I have a Kafka Streams processor that consumes three topics and tries to merge (Joining operation) them on the key. After joining successfully, it does some aggregation and then pushes results to the target topic. After the application runs for the first time, it tries to consume all data from those topics. Two of those topics use like lookup table, which means that I need to consume all data from the beginning. But one of those topics is my main topic. So I need to consume from the latest. But my application consumes all Kafka topics from the beginning. So I want to consume two topics from the start and one from the latest. I'm using Spring Cloud Stream, Kafka Streams Binder. Here are my configs and some code snippets;
Application.yaml :
spring.cloud.stream.function.definition: processName;
spring.cloud.stream.kafka.streams.binder.functions.processName.applicationId: myappId
spring.cloud.stream.bindings.processName-in-0.destination: mainTopic
spring.cloud.stream.bindings.processName-in-0.consumer.group: mainTopic-cg
spring.cloud.stream.bindings.processName-in-0.consumer.startOffset: latest
spring.cloud.stream.bindings.processName-in-1.destination: secondTopic
spring.cloud.stream.bindings.processName-in-1.consumer.group: secondTopic-cg
spring.cloud.stream.bindings.processName-in-1.consumer.startOffset: earliest
spring.cloud.stream.bindings.processName-in-2.destination: thirdTopic
spring.cloud.stream.bindings.processName-in-2.consumer.group: thirdTopic-cg
spring.cloud.stream.bindings.processName-in-2.consumer.startOffset: earliest
spring.cloud.stream.bindings.processName-out-0.destination: otputTopics
spring.cloud.stream.kafka.streams.binder.replication-factor: 1
spring.cloud.stream.kafka.streams.binder.configuration.commit.interval.ms: 10000
spring.cloud.stream.kafka.streams.binder.configuration.state.dir: state-store
Streams processor:
public Function<KStream<String, MainTopic>,
Function<KTable<String, SecondTopic>,
Function<KTable<String, ThirdTopic>,
KStream<String, OutputTopic>>>> processName(){
return mainTopicKStream -> (
secondTopicTable -> (
thirdTopicKTable -> (
aggregateOperations.AggregateByAmount(
joinOperations.JoinSecondThirdTopic(mainTopicKStream ,secondTopicTable ,thirdTopicKTable )

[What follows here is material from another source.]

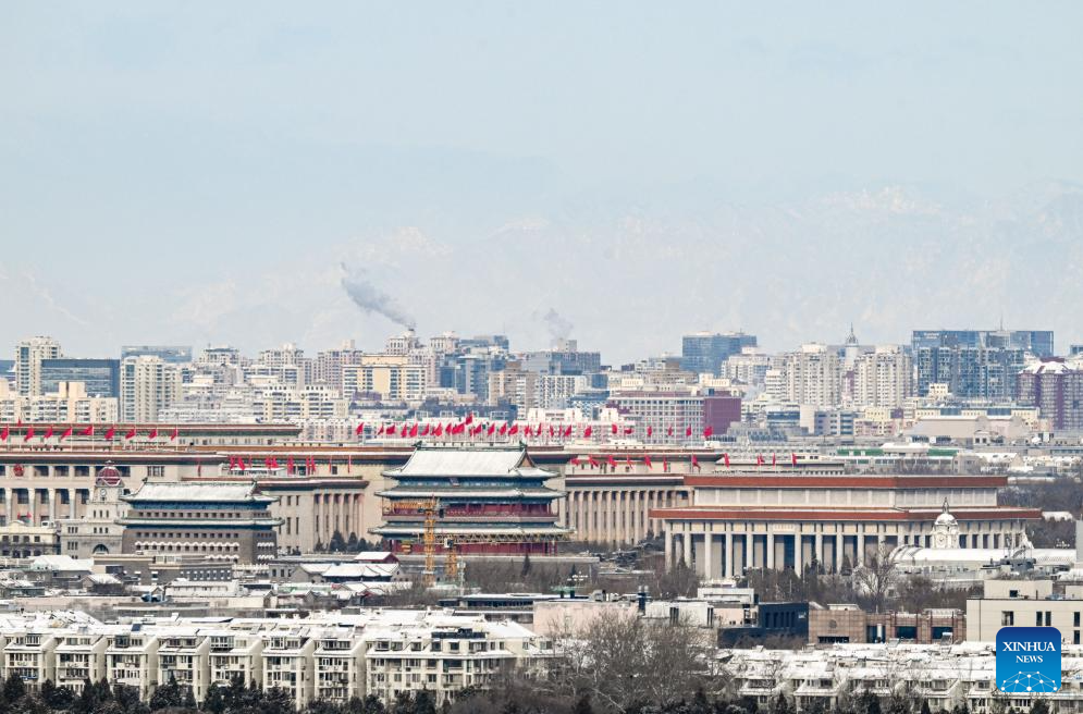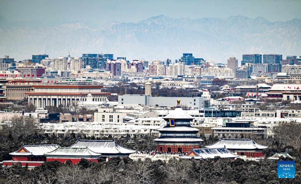 This photo taken on Dec. 13, 2025 shows a snow scenery against the skyline in Beijing, capital of China. Beijing witnessed its first significant snowfall of this winter season on Friday. (Xinhua/Chen Yehua)

.filter((k,v) -> v.IsOk() != 4)
.groupByKey(Grouped.with(AppSerdes.String(), AppSerdes.OutputTopic()))
, TimeWindows.of(Duration.ofMinutes(1)).advanceBy(Duration.ofMinutes(1))
).toStream()
)
));
}
A couple of points. When you have a Kafka Streams application using Spring Cloud Stream binder, you do not need to set group
information on the bindings, just your applicationId
setup is sufficient. Therefore, I suggest removing those 3 group
properties from your configuration. Another thing is that any consumer specific binding properties when using Kafka streams binder needs to be set under spring.cloud.stream.kafka.streams.bindings.<binding-name>.consumer...
. This is mentioned in this section of the docs. Please change your startOffset
configuration accordingly. Also, look at the same section of the docs for an explanation of the semantics for using startOffset
in Kafka Streams binder. Basically, the start offset
property is honored only when you start the application for the first time. By default it is earliest
when there are no committed offsets, but you can override to latest
using the property. You can materialize the incoming KTable
s as state stores and thus have access to all the lookup data.